• _WHAT IS EXPECTED_:
From first line to last, print the records exactly, but leave out the pictures.

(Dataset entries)
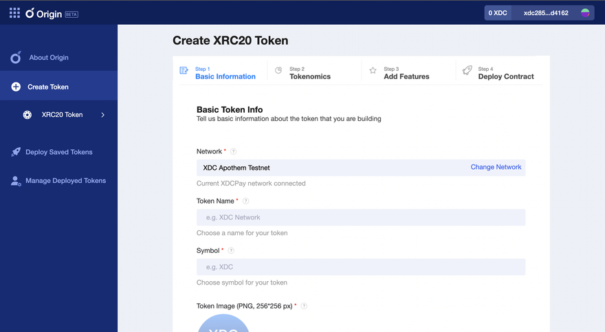With a comprehensive dashboard and user-friendly UI, XDC Origin serves as an advanced token generation dApp for XDC blockchain users. To create an XRC20 token on XDC Origin, complete the following steps:
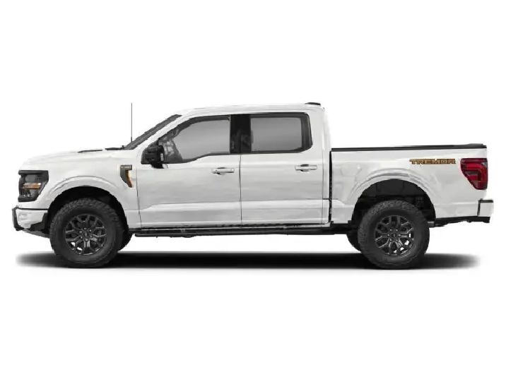 Step into the realm of power and capability with the 2025 Ford F-150 Tremor 4WD SuperCrew in striking white. Seamlessly combining rugged durability with sophisticated handling, this truck is built for any terrain with its robust 4x4 drivetrain. The exterior showcases a commanding presence with the Modular Front Bumper, Carbon Black Rear Bumper, and LED Taillamps that are as functional as they are stylish. The power tailgate and 5.5-foot bed equipped with utility packages, including LED box lighting and a tailgate work surface, ensure maximum practicality. Inside, immerse yourself in the tactical interior with black accents enough to cater to discerning tastes. Here, both driver and passengers will appreciate luxuries such as the Premium Wrapped Steering Wheel and Ambient Lighting. The interior doesn’t just look the part; it supports your journeys with technology like a Console Worksurface and a Media Bin Door, all complemented by the B&O Unleashed Sound System by Bang & Olufsen, delivering high-definition acoustics through 14 speakers. Safety and technology are at the forefront, featuring an Advanced Security Pack with SecuriLock Passive Anti-Theft System and tilt sensors. Drive with confidence thanks to Adaptive Cruise Control, Lane Assist, and a full-color Heads-Up Display. Enhance your connectivity on the go with wireless charging, smart device integration, and a convenient Wi-Fi hotspot. Ideal for adventurers and those requiring a dependable workhorse that does not sacrifice luxury. With its range of features and powerful engine, this truck is a perfect match for those who value performance and style in their travels. Contact our dealership today to arrange your test drive and make this exceptional vehicle yours!
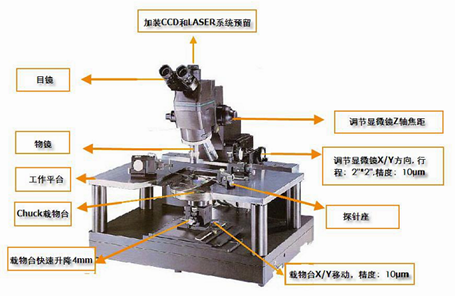 - 卡盤座有小搖桿,提起90度后,可以使卡盤快速線性上升4mm,在做wafer點測時方便快速移動點測位置,同時做普通die或者decap后芯片點測時,方便快速更換樣品。
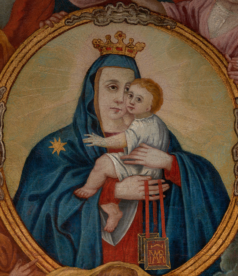 Istraživački radovi upućuju na to da su okvir unutar slike koji pridržavaju dva anđela, kruna iznad glave Gospe Karmelske te aureole sa zvijezdama iznad glava svetaca izvedeni zlatnim listićima. Dodatnim konzervatorsko-restauratorskim istraživanjima, tijekom kojih je snimljen rendgenogram, ustanovljeno je da je slika u cijelosti preslikana, pri čemu nije mijenjan ikonografski sadržaj. Likovi na slici preslikani su u jednom sloju, a pozadina likova s oblacima preslikana je dva puta.
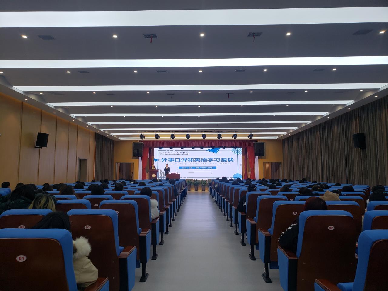 本网讯(通讯员 赵欣雨)12月8日,在城中校区多功能报告厅,外国语学院94级优秀校友殷好以“外事口译和英语学习漫谈”为题开展讲座。外国语学院院长许晓艳和该学院党总支副书记、辅导员及相关专业学生代表近两百人参加讲座。

• _EXPECTED ANSWER_:
With a comprehensive dashboard and user-friendly UI, XDC Origin serves as an advanced token generation dApp for XDC blockchain users. To create an XRC20 token on XDC Origin, complete the following steps:
 Step into the realm of power and capability with the 2025 Ford F-150 Tremor 4WD SuperCrew in striking white. Seamlessly combining rugged durability with sophisticated handling, this truck is built for any terrain with its robust 4x4 drivetrain. The exterior showcases a commanding presence with the Modular Front Bumper, Carbon Black Rear Bumper, and LED Taillamps that are as functional as they are stylish. The power tailgate and 5.5-foot bed equipped with utility packages, including LED box lighting and a tailgate work surface, ensure maximum practicality. Inside, immerse yourself in the tactical interior with black accents enough to cater to discerning tastes. Here, both driver and passengers will appreciate luxuries such as the Premium Wrapped Steering Wheel and Ambient Lighting. The interior doesn’t just look the part; it supports your journeys with technology like a Console Worksurface and a Media Bin Door, all complemented by the B&O Unleashed Sound System by Bang & Olufsen, delivering high-definition acoustics through 14 speakers. Safety and technology are at the forefront, featuring an Advanced Security Pack with SecuriLock Passive Anti-Theft System and tilt sensors. Drive with confidence thanks to Adaptive Cruise Control, Lane Assist, and a full-color Heads-Up Display. Enhance your connectivity on the go with wireless charging, smart device integration, and a convenient Wi-Fi hotspot. Ideal for adventurers and those requiring a dependable workhorse that does not sacrifice luxury. With its range of features and powerful engine, this truck is a perfect match for those who value performance and style in their travels. Contact our dealership today to arrange your test drive and make this exceptional vehicle yours!
 - 卡盤座有小搖桿,提起90度后,可以使卡盤快速線性上升4mm,在做wafer點測時方便快速移動點測位置,同時做普通die或者decap后芯片點測時,方便快速更換樣品。
 Istraživački radovi upućuju na to da su okvir unutar slike koji pridržavaju dva anđela, kruna iznad glave Gospe Karmelske te aureole sa zvijezdama iznad glava svetaca izvedeni zlatnim listićima. Dodatnim konzervatorsko-restauratorskim istraživanjima, tijekom kojih je snimljen rendgenogram, ustanovljeno je da je slika u cijelosti preslikana, pri čemu nije mijenjan ikonografski sadržaj. Likovi na slici preslikani su u jednom sloju, a pozadina likova s oblacima preslikana je dva puta.
 本网讯(通讯员 赵欣雨)12月8日,在城中校区多功能报告厅,外国语学院94级优秀校友殷好以“外事口译和英语学习漫谈”为题开展讲座。外国语学院院长许晓艳和该学院党总支副书记、辅导员及相关专业学生代表近两百人参加讲座。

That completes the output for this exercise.